The results presented in the subsections Special classes of positive cases and Special classes of negative cases (above) indicate the existence of a possibly strong correlation between the weighted accuracy of prognosis and the proportion of patterns covering a case. Similarly to the index introduced by Alexe and coworkers [40] for risk stratification among cardiac patients, it is to be expected that a prognostic index for breast cancer patients could also be developed.

Comparison with other studies

Various research groups have focused on finding molecular signatures of cancer prognosis. Ramaswamy and coworkers [56] analyzed the gene expression profiles of 12 metastatic adenocarcinoma nodules of diverse origins (lung, breast, prostate, colorectal, uterus, and ovary), and detected 17 gene signatures associated with metastases. Eight out of the 17 genes (SNRPF [small nuclear ribonucleoprotein F], EIF4EL3 [elongation initiation factor 4E-like 3], HNRPAB [heterogeneous nuclear ribonucleoprotein A/B], DHPS [deoxyhypusine synthase], PTTG1 [securin], COL1A1 [type 1 collagen α1], COL1A2 [type 1 collagen α2], and LMNB1 [lamin]) were found to be upregulated in metastases, whereas the remaining nine genes (ACTG2 [actin γ2], MYLK [myosin light chain kinase], MYH11 [myosin heavy chain 11], CNN1 [calponin 1], HLA-DPB1 [MHC class II DPβ1], RUNX1 [runt-related transcription factor 1], MT3 [metallothioein 3], NR4A1 [nuclear hormone receptor TR3], and RBM5 [RNA binding motif 5]) were found to be downregulated. None of these 17 genes was included among the poor prognosis signature in the study by van 't Veer and coworkers [3], whereas only one of them (COL1A1) was included in the support set of LAD.

Using cDNA gene expression profiling, van 't Veer and colleagues [57] showed that human primary breast cancer tumors are similar to distant metastases of the same patient. As concluded by Weigelt and coworkers [57], these findings support the finding of van 't Veer and coworkers [3] that the outcome of breast cancer can be predicted by the gene expression signature of primary tumors. We wished to determine whether the genes in the support set identified by LAD as being predictive of the breast cancer outcome would be able to distinguish between paired primary breast tumors and metastases. However, none of the genes in the LAD support set of 17 genes were used in the 18,336 cDNA microarrays of Weigelt and coworkers [57].

In a recent study, Dai and coworkers [58] showed that within a group of patients with high estrogen receptor there is a group of 50 mostly cell-cycle genes that are able to predict the occurrence of metastases. The LAD support set of 17 genes are disjointed with the set of 50 genes identified by Dai and coworkers [58].

The fact that gene expression signature is predictive of human breast cancer outcome was confirmed by various other independent groups. For example, in an earlier study, Bertucci and coworkers [59] confirmed that a 23-gene predictor set can distinguish between breast cancer tumors associated with different survival rates. In that study, the cDNA profiles of tumor samples from 55 women with poor prognosis breast cancer treated with adjuvant anthracycline-based chemotherapy were determined for 1000 candidate cancer genes. Those investigators were able to distinguish three classes with significantly different clinical outcome, as well as two estrogen receptor positive tumor subgroups with different survival rates. The 23 genes identified in that study that predicted survival of chemotherapy-treated patients were disjointed from the support set of 17 genes identified by LAD to predict metastases.

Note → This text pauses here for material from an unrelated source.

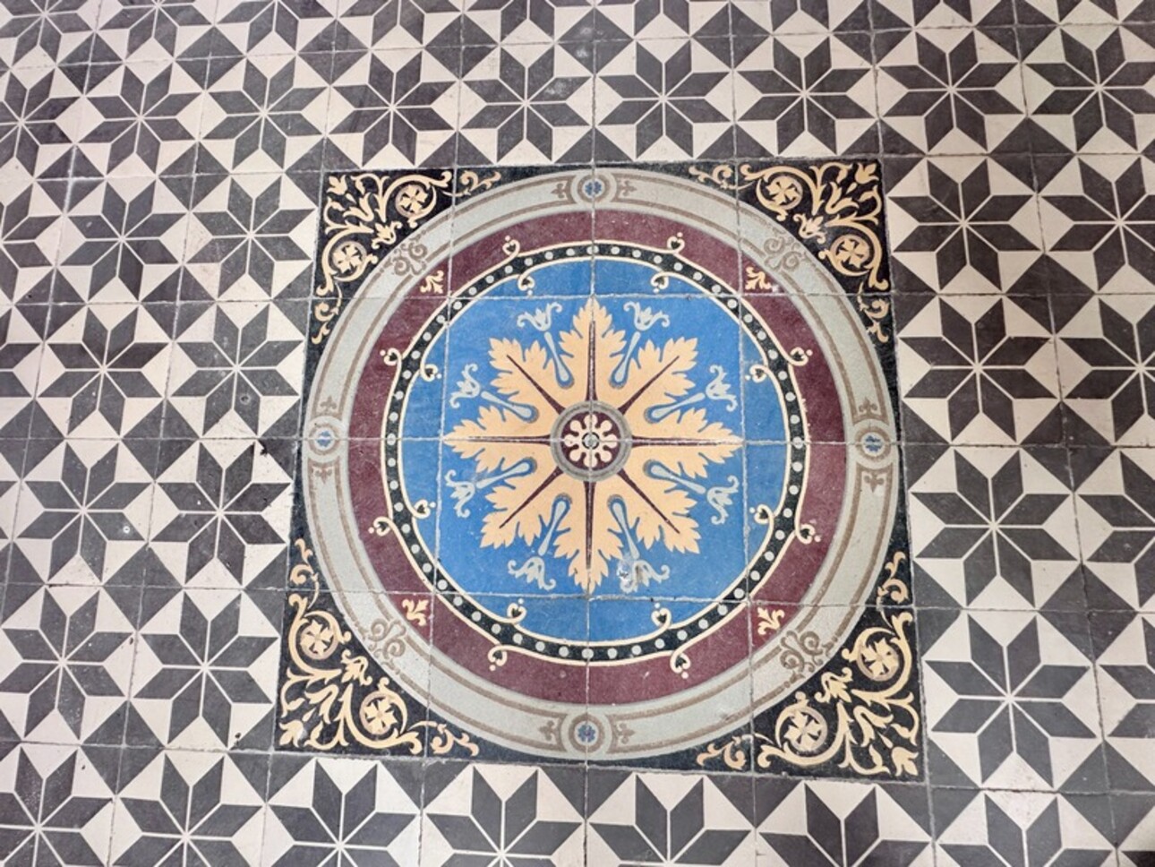 • Hall d'entrée central avec escalier tournant menant jusqu'au grenier

Sotiriou and coworkers [60] analyzed the cDNA expression profiles of 99 breast cancer tumors and identified 485 genes (out of the 7650 probe elements) associated with prognosis in breast cancer. Only 11 of the 485 genes were included in the subset of 231 genes identified by van 't Veer and coworkers [3] as being correlated with breast cancer outcome. Sotiriou and coworkers showed these 11 genes to be able to separate the breast cancer patients into two groups with different survival rates, thus confirming the findings of van 't Veer and colleagues. Of the 17 genes in the LAD enhanced support set, none were found in the set of 485 genes [60].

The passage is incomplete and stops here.